Voyage d’affaires à Téhéran sur fond de bruits de bottes
Le conseiller fédéral Pascal Couchepin se rend à Téhéran samedi et dimanche à la tête d'une importante délégation économique. Cette visite a été maintenue malgré le spectre d'une offensive militaire américaines contre l'Afghanistan, pays voisin de l'Iran.
La dernière visite d’un représentant du gouvernement suisse en Iran remonte à avril 1991. Elle avait été effectuée par René Felber, alors chef du Département fédéral des affaires étrangères (DFAE).
Aujourd’hui, c’est donc au tour du ministre suisse de l’Economie de faire le déplacement. Vingt-deux ans après la révolution islamique de 1979, le marché iranien et ses 70 millions de consommateurs intéresse la Suisse.
En effet, le président Khatami a entrepris une politique d’ouverture politique mais aussi économique sur le monde extérieur. Depuis quatre ans, la présence des entreprises étrangères est d’ailleurs de plus en plus importante.
Une loi sur la protection des investissements étrangers
Le Parlement iranien doit bientôt voter en dernière lecture une nouvelle loi qui assurera la garantie de l’Etat iranien aux investissements étrangers et qui permettra de rapatrier le capital et les bénéfices en toute liberté et au taux du marché libre.
Outre le président iranien, Mohammad Khatami, le conseiller fédéral Pascal Couchepin doit rencontrer le ministre iranien de l’Economie, Ali Mazaheri, et le président de la banque Centrale, Mohsen Nourbakhsh.

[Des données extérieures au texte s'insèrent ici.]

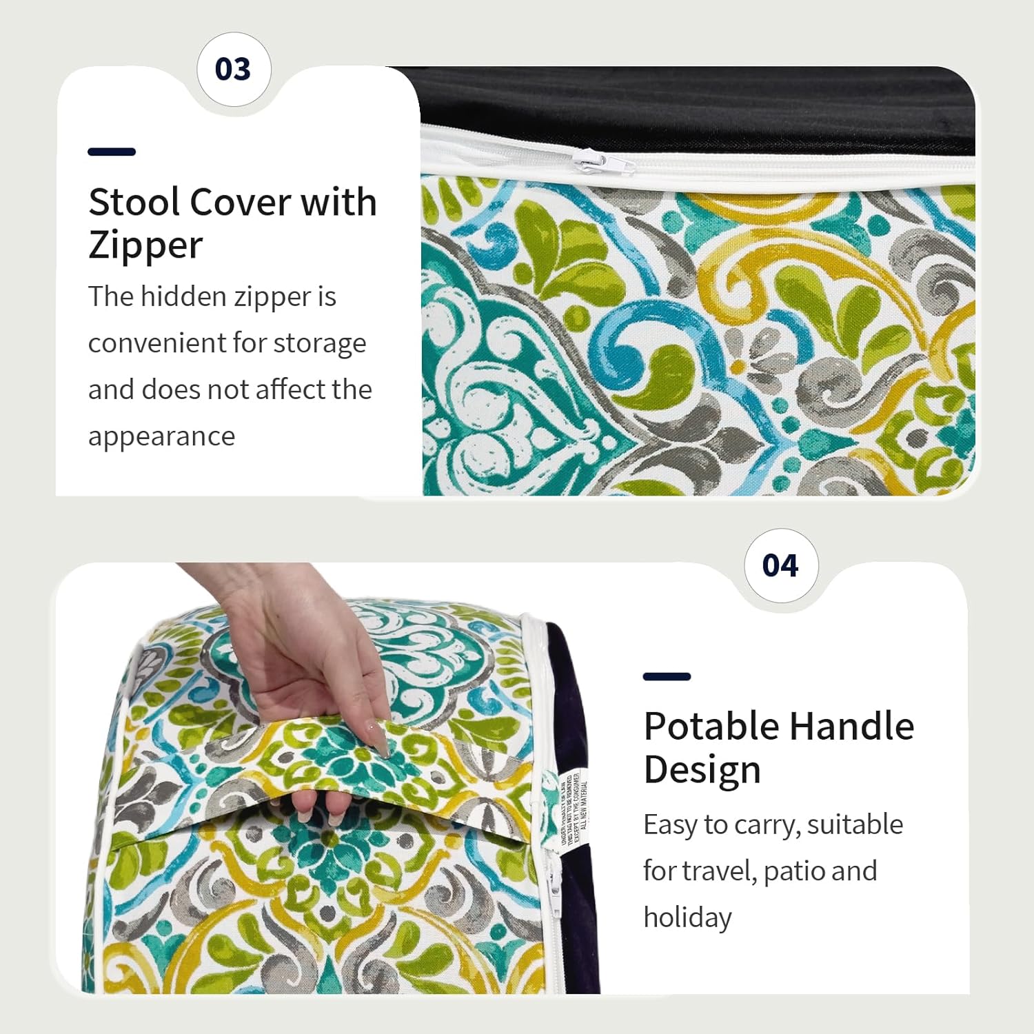 Inflatable Ottoman Stool D31 xH14 for Outdoor/Indoor Use, Water Repellent Patio Foot Rest Stool with Portable Handle,Round Pouf Ottoman Suitable for Garden,Deck and Camping - Damask Green

Le ministre suisse de l’Economie doit notifier aux Iraniens la ratification de l’accord bilatéral pour la promotion et la protection des investissements signé en 1998. Berne et Téhéran pourraient aussi signer une déclaration de principe de coopération économique et commerciale.
Pascal Couchepin est accompagné par une vingtaine de responsables d’entreprises suisses qui s’intéressent à un marché en pleine expansion. La dette extérieure iranienne a été ramenée de 25 milliards de dollars en 1996 à 7 milliards de dollars seulement aujourd’hui.
De même, les réserves en devises du pays dépassent les 17 milliards de dollars.
Exportations en forte hausse
Jamais depuis la révolution islamique de 1979, la situation économique n’a été aussi bonne. Ce qui explique l’intérêt des investisseurs étrangers, notamment suisses.
Depuis deux ans, les exportations suisses vers l’Iran ont fortement augmenté (35%). En 2000, la Suisse a importé pour 183,2 millions de francs vers l’Iran (+66% par rapport à 1999) et exporté pour 393,3 millions (+14,8%).
Au cours du premier trimestre 2001, cette tendance s’est maintenue avec 33% d’augmentation, contre 27% pour les pays de l’UE et 6% pour l’ensemble des importations iraniennes.
Au premier trimestre 2001, les produits chimiques et pharmaceutiques ont représenté 45% des exportations suisses vers l’Iran. Les machines et les appareils électriques 38%. Et les instruments de précision 6%.
L’Iran est le troisième partenaire de la Suisse au Moyen-Orient après l’Arabie Saoudite et les Emirats arabes unis.